According to O'Dea, the heavy focus on childhood obesity and the media attention paid to “super-skinny celebrities” were to blame. “I think there has been undoubtedly a media panic and a moral panic about childhood obesity in the past six years,” she says. “I would certainly suggest that some of that comment has got into the minds of teenagers who think that losing weight will make them a better and happier person. But that's a big myth.”
Still, obesity is continually purported to be sinful. Most months a new study emerges linking childhood fatness to problems such as poor exam results, relationship difficulties and health issues.
Such is the pressure to avoid fatness that children find themselves threatened at an age when weight should not cross their minds.

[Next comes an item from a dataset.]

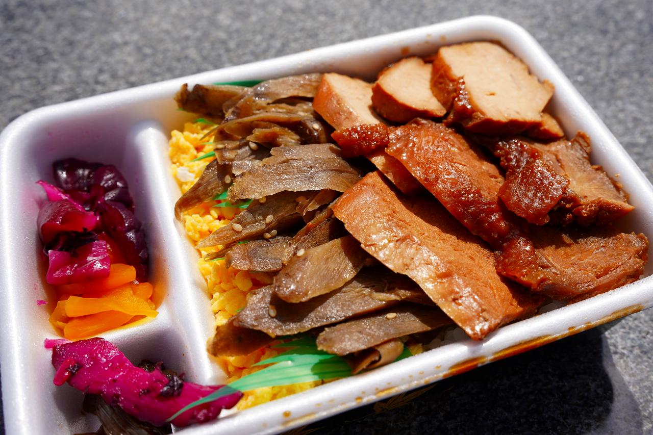 オープン……どーん!お弁当の中には笹切りにしたごぼうと、たっぷりの甘く煮込まれた奥久慈しゃも肉が載せられています。そしてその下には炒り卵が乗っており、想像以上にボリューミーなお弁当です。付け合わせにおしんこもあるので、口直しにもぴったりです。

If they were left to skip, skateboard and play football they would learn far more than campaigns can teach.
“They need direction, but children with the right information can make their own association with weight and whether they are too heavy,” Hill says. “It is coun- ter-productive to provide them with endless reasons not to be fat.” Childhood memories, he says, should be of play and having fun, not of totting up your 10,000 steps a day.
The eating disorders charity b-eat (b-eat.co.uk) has a Youthline to help children and teenagers with eating disorders. Tel 0845 6347650; e-mail fyp@b-eat.co.uk.
'He was doing 500 sit-ups': Plight of troubled 11-year-old
Sue first became concerned about her son, Patrick, when he began wearing layers of jumpers in the summer. He also started to exercise excessively. “He was doing 500 sit-ups at a time and cycling a lot,” says Sue, 50, of South London. “He was eating little, but then bingeing late at night. He brought a toaster into his room and would get through a loaf of bread in no time.”
When he lost a stone (6.4kg) in a month, Patrick was admitted to hospital. Sue was told that her 11-year-old son had developed a non-specified eating disorder. Now 17, Patrick has been readmitted to the eating disorder clinic several times. His battle has stunted his growth; he is 5ft 1in (1.55m), the same height he was at 13.
Sue says: “He gets back to a safe weight but then it only takes a trigger, like his dad not being able to take him to a football match, and he goes back to dieting and losing weight.” As a mother, Sue felt powerless to help, with little information available about her son's condition. “People should be aware of it. The age of children with eating disorders is getting lower, and it is also happening to boys,” she says.